**GIVEN DATA**:
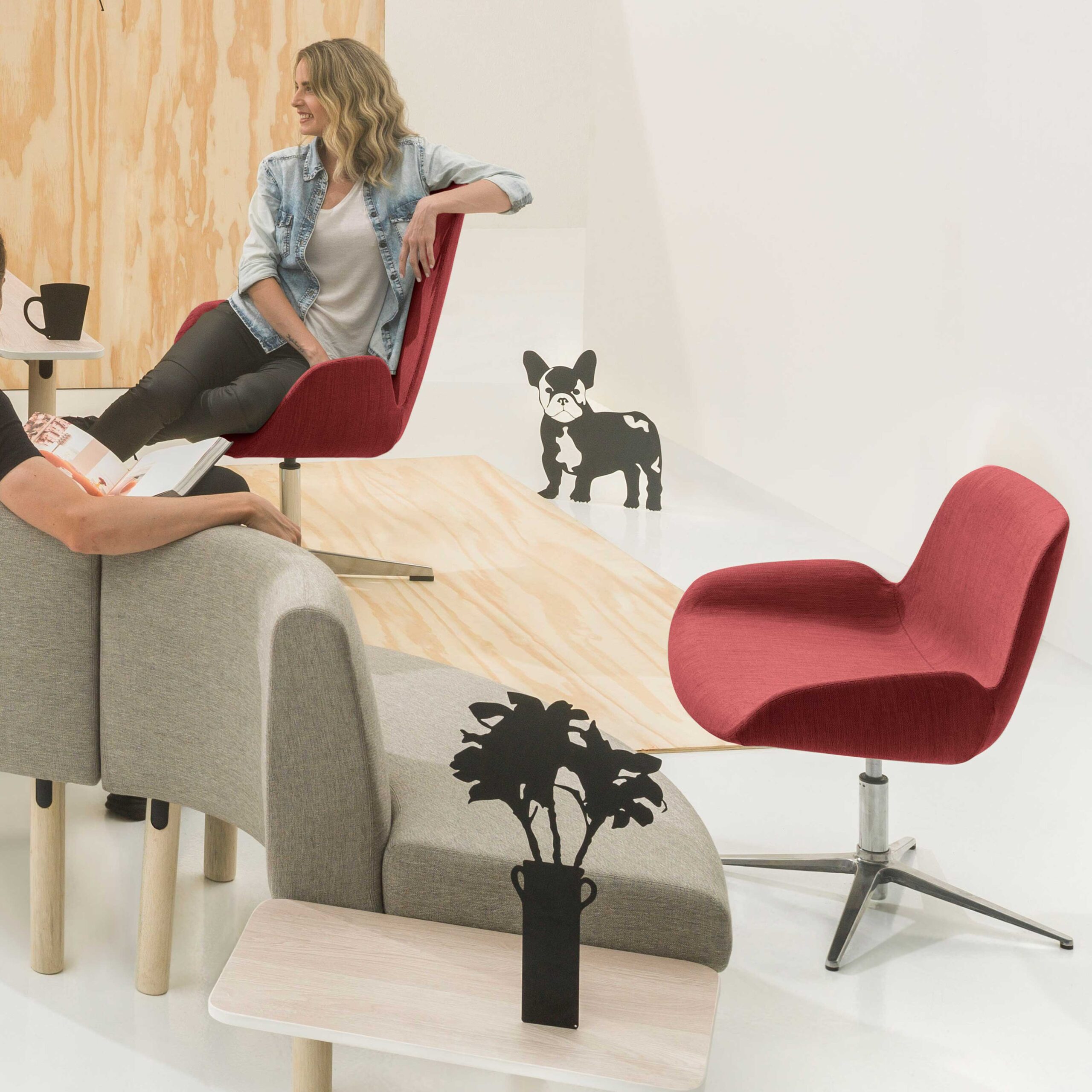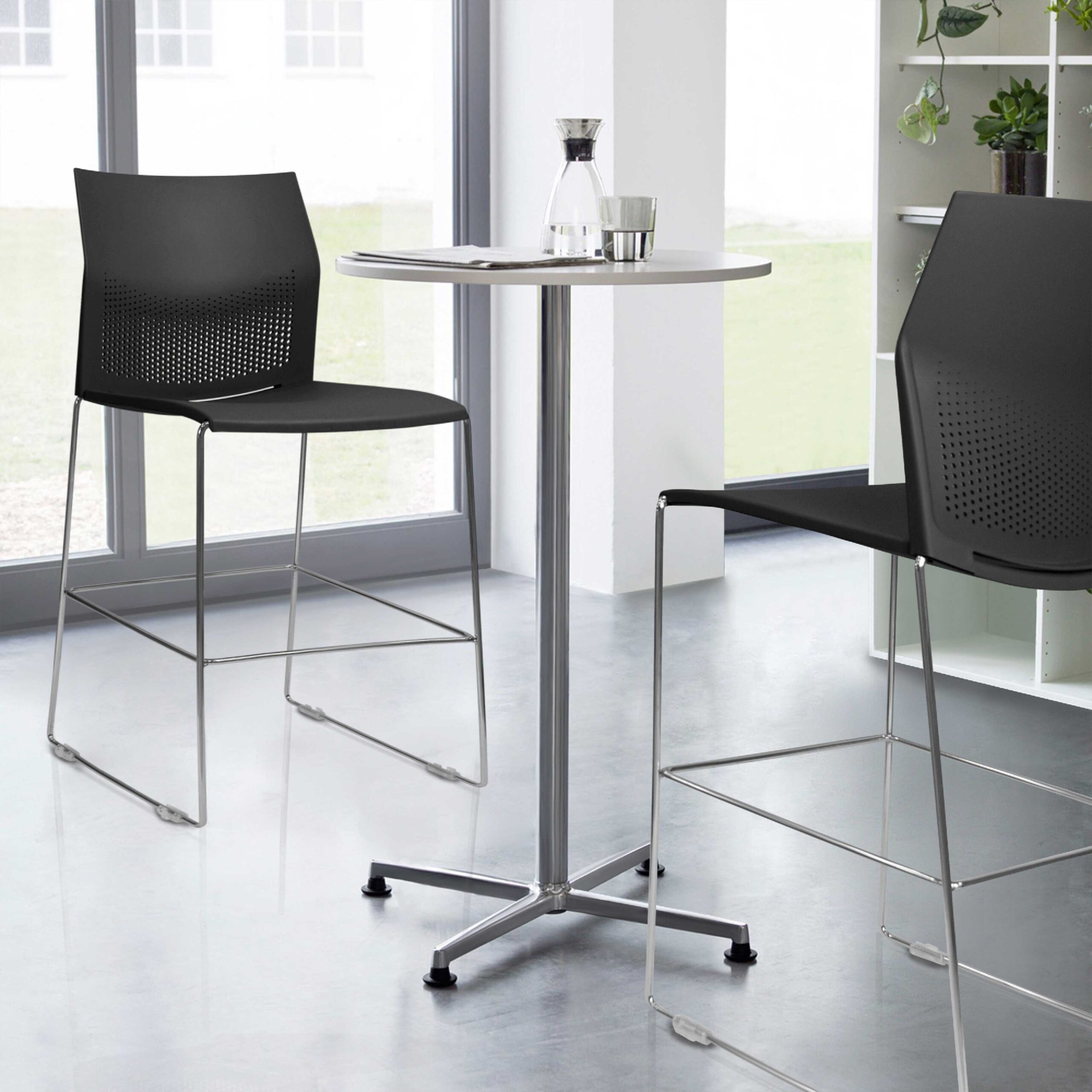 Linha completa de cadeiras e banquetas para espaços colaborativos ou coletivos.
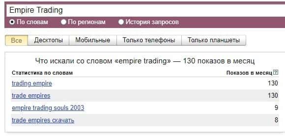 Информация о запросе бренда "Empire Trading" на сайте Яндекс Вордстат довольно распространенная, и набрала 130 показов за месяц.
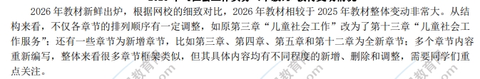 中國社會出版社2026中級社會工作者考試教材已下發(fā),2026年中級社會工作實務考試教材具體有哪些變化呢?根據(jù)網(wǎng)校的細致對比,2026年教材相較于2025年教材整體變動非常大。
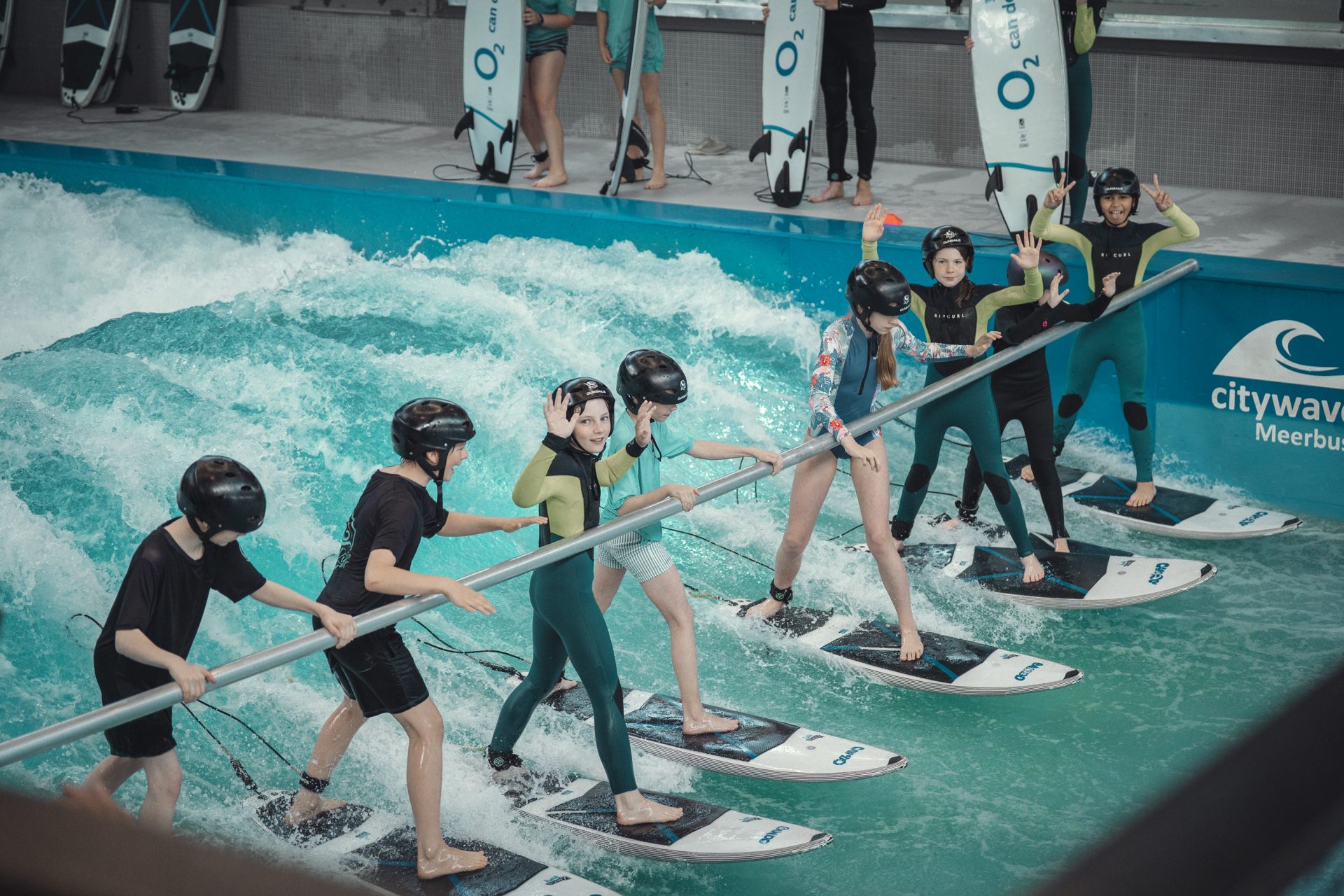 Gemeinsam mit einem erfahrenen Surfcoach lernen die Kids spielerisch das Wellenreiten – sicher, geführt und mit jeder Menge Spaß!

**INSTRUCTIONS TO FOLLOW**:
When you copy the listing, keep every line exactly as it is but leave out all images.

**ANSWER BOX**:
 Linha completa de cadeiras e banquetas para espaços colaborativos ou coletivos.
 Информация о запросе бренда "Empire Trading" на сайте Яндекс Вордстат довольно распространенная, и набрала 130 показов за месяц.
 中國社會出版社2026中級社會工作者考試教材已下發(fā),2026年中級社會工作實務考試教材具體有哪些變化呢?根據(jù)網(wǎng)校的細致對比,2026年教材相較于2025年教材整體變動非常大。
 Gemeinsam mit einem erfahrenen Surfcoach lernen die Kids spielerisch das Wellenreiten – sicher, geführt und mit jeder Menge Spaß!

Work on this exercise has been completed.